“When I’m 74"
And I hope there’s a lot more
I almost feel like it was yesterday that I bought the Sergeant Pepper’s Beatles album. Now more than 50 years later, I look back to recall my reaction to “When I’m 64.” I thought it was corny. Would I be like that in 45 years?
Then I blinked my eyes a few times and I was 64! Thankfully, I wasn’t as cornball as the song. Nor was it a momentous age to reach. “This is nothing,” I thought to myself. Why did the Beatles choose the number 64 for the title of their song?
The next year, I became 65 (if my memory serves me). That birthday was different. Half-price at the movies and on the buses and subways? A greatly reduced medical insurance bill thanks to Medicare? Now we’re talkin’. At least there was a benefit to getting so damn old.

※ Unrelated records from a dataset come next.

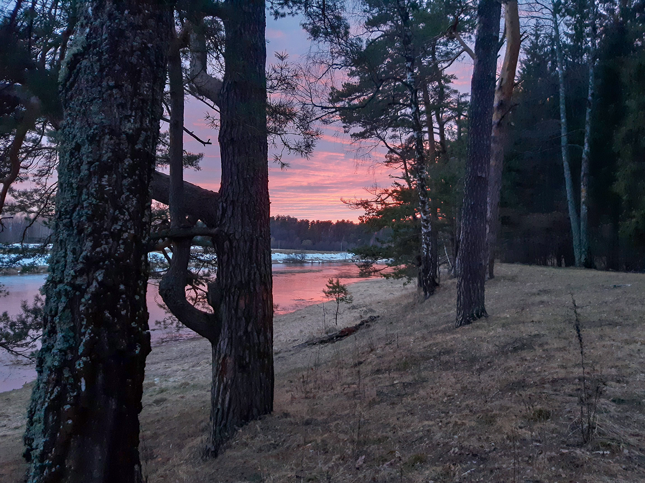 Вся наша красота на месте. Река разлилась немыслимо! Птицы поют, бобры плавают. Дорога еще не растаяла в лесу , да и в поле почти проезжая.
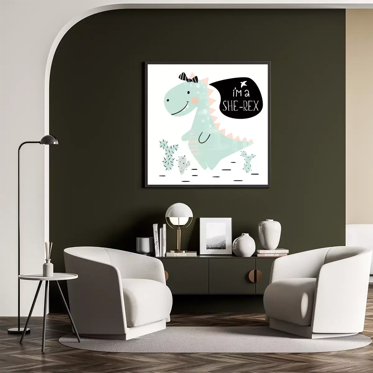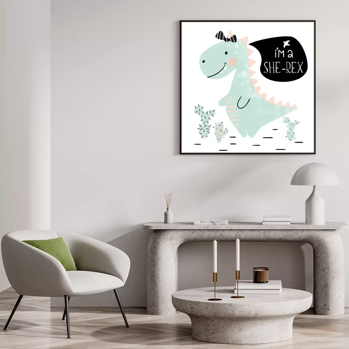 Poster: Pastellfarbener Tyrannosaurus mit rosa Stacheln
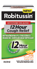 Robitussin 12 Hour Cough Relief is an extended-release dextromethorphan polistirex cough syrup. The product is available in both grape and orange flavors, and formulated to relieve minor throat and bronchial irritation associated with the common cold or inhaled irritants. Dosing instructions and amounts vary by age, but the cough syrup is not recommended for use in children younger than 4 years.
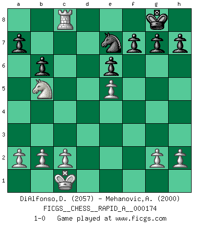Last move : 1-0 2015 May 15 22:5:40 [Event "FICGS__CHESS__RAPID_A__000174"] [Site "FICGS"] [Date "2015.03.08"] [Round "1"] [White "DiAlfonso,Darren"] [Black "Mehanovic,Adnan"] [Result "1-0"] [WhiteElo "2057"] [BlackElo "2000"] 1.e4 c5 2.Nf3 Nc6 3.d4 cxd4 4.Nxd4 Nf6 5.Nc3 d6 6.Bg5 e6 7.Qd2 Be7 8.O-O-O O-O 9.f4 Nxd4 10.Qxd4 Qa5 11.e5 dxe5 12.Qxe5 Qxe5 13.fxe5 Nd5 14.Bxe7 Nxe7 15.Bd3 b6 16.Be4 Rb8 17.Rhe1 Bb7 18.Rd7 Bxe4 19.Rxe4 Nc6 20.Nb5 Rbd8 21.Rc7 Rc8 22.Rxc8 Rxc8 23.Rc4 Ne7 24.Rxc8+ 1-0 This chess game has been lost on time (started : 2015.03.08 18:33:24) Sicilian defense Queenside Castling by player White (move 8) Kingside Castling by player Black (move 8) Player White won this chess game. Follow this game move after move (download)Though most people love to look at the games of the great attacking masters, some of the most successful players in history have been the quiet positional players. They slowly grind you down by taking away your space, tying up your pieces, and leaving you with virtually nothing to do ! (Yasser Seirawan) Kein Schachspieler kann gut schlafen. (H. G. Wells) Cada Peón es una Reina en potencia. (James Mason) Le succès, c'est être capable d'aller d'échec en échec sans perdre son enthousiasme. (Winston Churchill) Wisdom begins at the end. (Daniel Webster)

There was another song about growing old I found much more appealing than the Beatles’. “Old Man” was sung and written by Neil Young. The words were juvenile, but the sentiment grabbed me. In his composition, Neil observed the similarities between his life and that of an old man he knew. The lyric “24 and there’s so much more” hooked me even though I was just 20 at the time.
On a movie set recently, I ran into a percussionist I used to employ on recording sessions. He is a brilliant musician who became a good friend. After I left the music…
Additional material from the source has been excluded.